When To See A Doctor
If you’re concerned about your vaginal odor, you shouldn’t hesitate to see your doctor, says women’s health expert Jennifer Wider, MD. But, if you want to ride it out a little, Dr. Wider says it’s okay to wait a few days to see if the scent you’re concerned about goes away. If the odor sticks around past then, you’ll definitely want to call your health care provider—especially if it comes with other symptoms like discharge, burning, and itching.
Why is it so important to get checked out? “Certain untreated infections can spread into the uterus and fallopian tubes which can cause long term issues, including fertility problems,” Dr. Wider says.

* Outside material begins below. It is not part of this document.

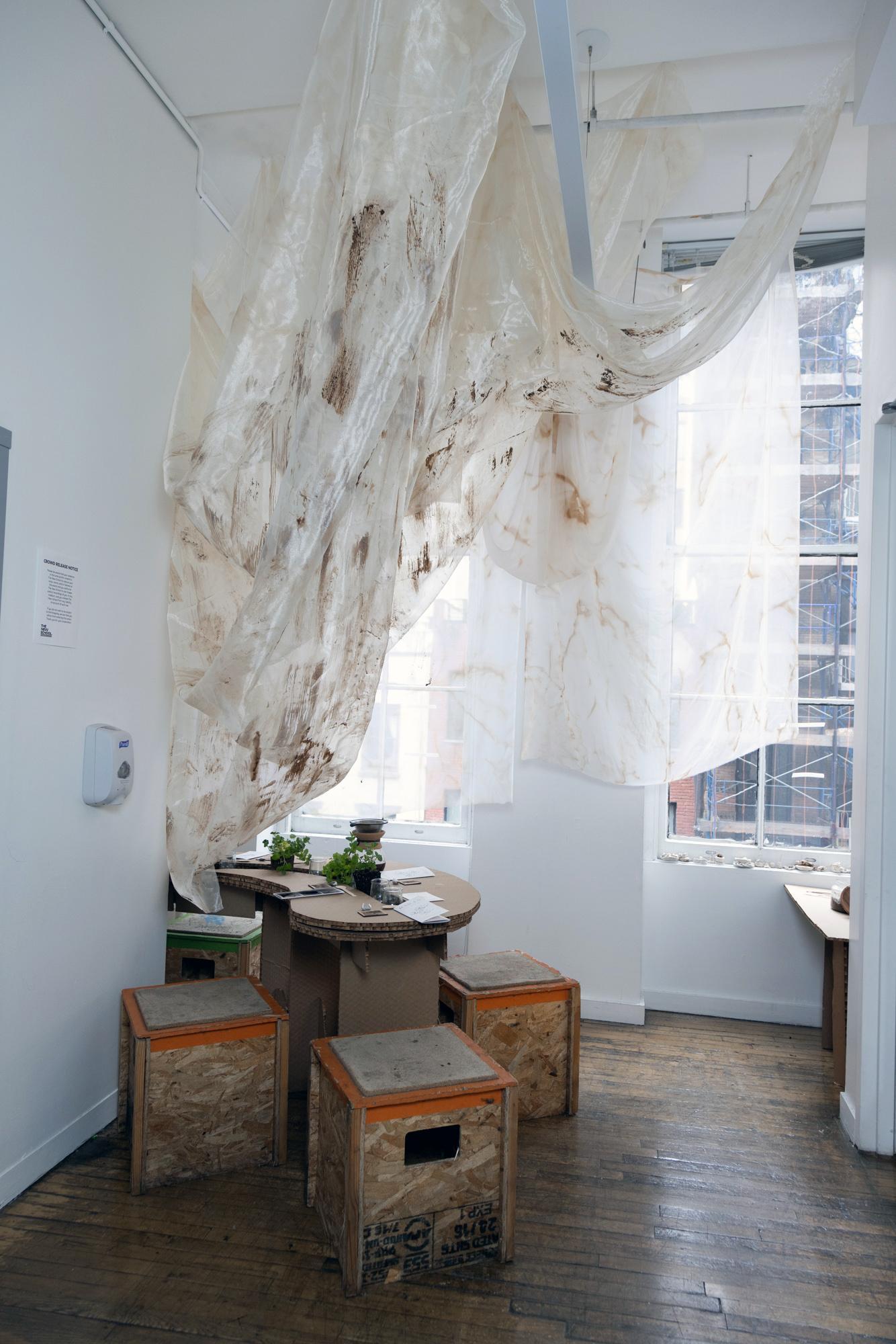 The ritual begins outside of the lighting lab on the 3rd floor. Participants are told to remove their shoes and prepare their minds for a period of mental freedom/untethering. The space is one to experience alongside others, but it is not intended for conversation. Entering the room, participants will walk down a gauzy corridor constructed of fabric hanging from the ceiling, and emerge into a space where projections and colored lights create an atmosphere of tranquility and peacefulness. A droning synth/sine wave sound is played over speakers and as time goes on, this soundscape builds to include bird songs and soft piano. The lights pulse very slowly to encourage restful breathing and slowed heart rates. Participants are encouraged to move freely throughout the space and interact with the fabric installations as they see fit.

Finally, keep this in mind: “You should never be embarrassed to speak to your health care provider,” Dr. Wider says. “Vaginal issues are one of the more common reasons that women visit their doctor, so you are certainly not alone.” And, if you feel like you can’t talk to your doctor about this stuff, Dr. Wider says it may be time to find a new one.“An open and honest relationship with your doctor is vital for your overall health and well-being,” she says.